Now we could sum up the value of hits: so now Seller 1 only gets a score of .1, while Seller 2 gets a score of .9. So far, so good, but now we might get a third seller with a very limited, non-descriptive keyword set:

seller_keywords[3] = {"furry":1}

This catapults them to the top for any hit on their sole keyword, which isn't good.

Anyway, my guess (and hope) is that this is a fairly general problem and that there exist different algorithmic solutions with known strengths and limitations. This is probably something covered in CS101, so I think a good answer to this question might just be a link to the relevant references.

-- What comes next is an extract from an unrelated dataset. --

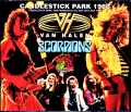 80年代HR/HMの英雄達が一同に会した伝説の“MONSTERS OF ROCK TOUR 1988”。その主役2組を極上体験できる新発掘ライヴアルバムが登場です。そんな本作が記録されたのは「1988年7月16日サンフランシスコ公演」。そのヘッドライナーであるVAN HALENと、準トリのSCORPIONSをカップリングした3枚組です。“MONSTERS OF ROCK TOUR 1988”の全28公演中24公演目にあたるコンサートだったわけですが、そんなショウで記録された本作は実にクリアで素晴らしい新名作。発掘の名門「Krw_co」が発表した新発掘音源で、大元マスターからダイレクトにデジタル化された銘品なのです。そのサウンドはとにかく瑞々しく、骨太なダイレクト感が胸にすく。スネアの鳴りには空間感覚もあるのですが、それが遠さにならず、ヴォーカルやギターがグイグイと迫ってくる。その要因は、恐らく会場。現場となった“キャンドルスティック・パーク”は6万人超という巨大なスタジアムなのですが、ドームではなく天井が大きく開いたオープン・スペース。そのため音を反射する壁や天井がなく、PAの出力音を反響ゼロでダイレクトに拾っているのです。とは言え、さすがにPAの直近とはいかなかったらしくサウンドボード的な密着感とも違うのですが、それが沸き立つようなスペクタクルも醸してくれる。特に凄いのは大歓声。6万人の生声の広さは絶大で、コール&レスポンスや煽りの反応も超巨大。シンプルに膨大な群衆であり、なおかつ1人ひとりが燃えている。特にヘッドライナーVAN HALEN編のスケール感は“USフェス”か“LIVE AID”かと思うほどで、80年代のHR/HMがいかに巨大なムーヴメントだったのかを千の言葉よりも雄弁に物語ってくれるのです。そんなスペクタクル・サウンドで描かれるのは、欧州HRと米国HRの象徴たる2組。共に公式ライヴ作のないツアーですが、近い時期にはありますので比較しながらセットを整理してみましょう。DISC 1:SCORPIONS・ラヴドライヴ:Coast To Coast・電獣:Make It Real/The Zoo

Peshitta answered 28/2, 2011 at 13:21 Comment(1)
i think we should multiply the effective score with the number of matched keywords.for e.g in II'nd case of your e.g we have only 1 match and it has score of 1 thus effective score 1*1=1.But in I'st case where two matches are found we would have effective score being 2*1=2 .Thus it is selected.what do you say about this approach.Gaol
A
8

I think you're looking to use cosine similarity; it's a basic technique that gets you pretty far as a first hack. Intuitively, you create a vector where every tag you know about has a particular index:

terms[0] --> aardvark
terms[1] --> anteater
...
terms[N] --> zuckerberg

Then you create vectors in this space for each person:

person1[0] = 0     # this person doesn't care about aardvarks
person1[1] = 0.05  # this person cares a bit about anteaters
...
person1[N] = 0

Each person is now a vector in this N-dimensional space. You can then use cosine similarity to calculate similarity between pairs of them. Calculationally, this is basically the same of asking for the angle between the two vectors. You want a cosine close to 1, which means that the vectors are roughly collinear -- that they have similar values for most of the dimensions.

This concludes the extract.